We have had a lot of cool pockets of air visit us during the month of June (and for some of May as well).
We are likely to finish out the month below average for temps and for precip. Another cold front moved into the area last night. This brought us some heavy rain showers to parts of the area.
However, as the heavy showers dropped to the southeast a lot of them fell apart.
This is depressing as the folks that needed the rain the most got the least amount. While 1-2 inches fell from Newport News northward, parts of North Carolina only had about a tenth of an inch.

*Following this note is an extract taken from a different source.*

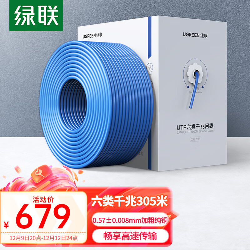 绿联(UGREEN)六类千兆网线【0.57±0.008mm纯铜线芯】CAT6类非屏蔽双绞线 POE供电监控工程家装箱线 305米价格:679.00元!
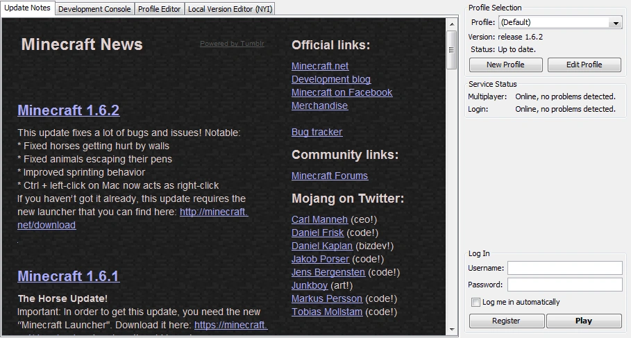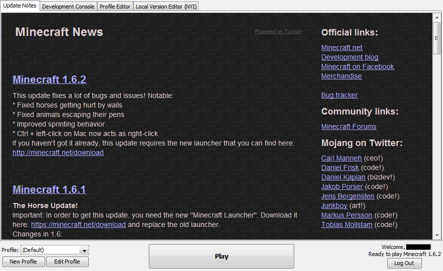 - Mac OS X 10.5.8ユーザーは、LWJGLの修正が行われるまでMinecraft 1.6.1を無効にしたが、1.5.2は影響を受けない[38]

So at least we’ll have some pleasant weather in the region today. The cold front will keep dropping to our south. Cooler/drier air will sink in.
High pressure will build in as well. We’ll be partly sunny through the day. The wind will pick up out of the northeast. It will run at 10-15mph with gusts up to 20mph. So that will work against the sunshine to keep the temps down a bit. Highs will be in the upper 70s to low 80s. There will be a few mid 80s inland.
We’ll have some nice weather tomorrow. We’ll be partly cloudy again with dry air in place. The wind will be a little weaker and more out of the east. So we’ll heat up to the low-mid 80s with some upper 80s inland.
The temps and humidity will build as we go into the weekend. High temps will climb to near 90 by Friday.
Our next best chance for rain will be on Sunday.
In the meantime there is a “Potential Tropical Cyclone” in the Atlantic. A cluster of showers and storms was strengthening northeast of Guyana, and it was rolling west.
This feature is still disorganized, but it does have some tropical storm forced winds. The tricky part of that forecast is that it will likely interact with a lot of South American coastline. So it could stay weak for a while. If it travels a little more northward, then it will likely strengthen sooner. The official forecast calls for it to possibly become a category 1 hurricane as it moves over the warm waters of the Bay of Campeche.
Whatever it does, we’ll have updates on it over the next few days.